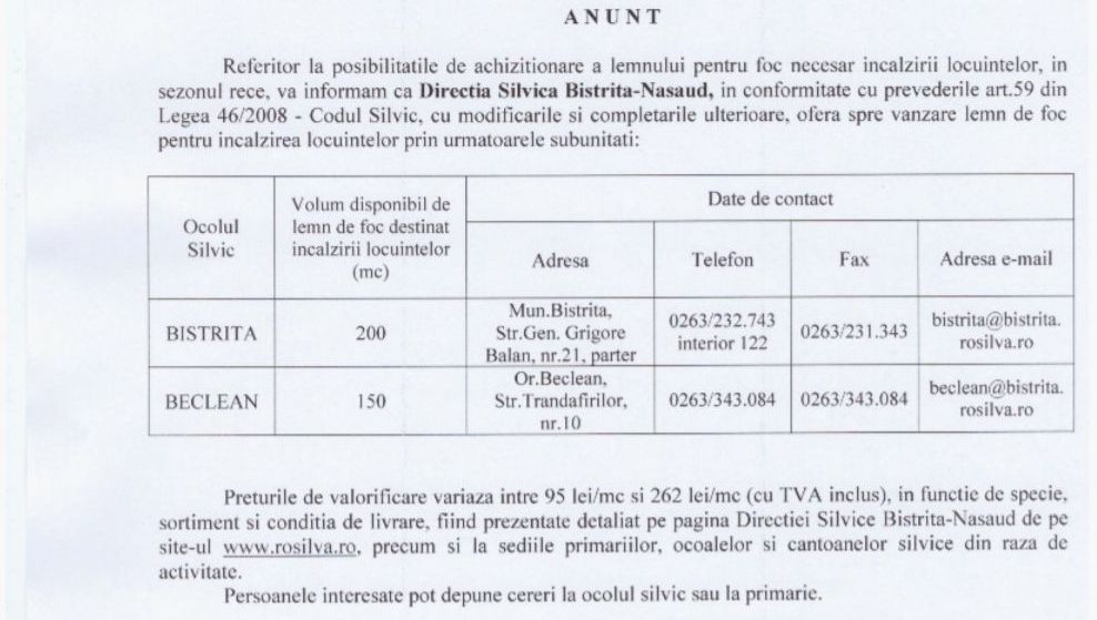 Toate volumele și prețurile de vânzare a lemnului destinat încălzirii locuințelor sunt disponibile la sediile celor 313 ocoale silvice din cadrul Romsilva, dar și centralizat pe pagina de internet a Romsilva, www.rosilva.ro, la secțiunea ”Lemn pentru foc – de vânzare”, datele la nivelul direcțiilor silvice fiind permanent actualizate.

- - - - -

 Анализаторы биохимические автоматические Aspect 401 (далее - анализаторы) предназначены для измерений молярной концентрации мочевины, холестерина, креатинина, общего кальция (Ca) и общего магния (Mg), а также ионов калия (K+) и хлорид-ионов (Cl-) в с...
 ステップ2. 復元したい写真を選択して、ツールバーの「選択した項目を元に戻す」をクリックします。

- - - - -

Problem to work on:
From the records above, extract exactly and only the lines that begin at the line with "Анализаторы биохимические автоматические" and stop after the line with "ステップ2. 復元したい写真".

Expected output:
 Анализаторы биохимические автоматические Aspect 401 (далее - анализаторы) предназначены для измерений молярной концентрации мочевины, холестерина, креатинина, общего кальция (Ca) и общего магния (Mg), а также ионов калия (K+) и хлорид-ионов (Cl-) в с...
 ステップ2. 復元したい写真を選択して、ツールバーの「選択した項目を元に戻す」をクリックします。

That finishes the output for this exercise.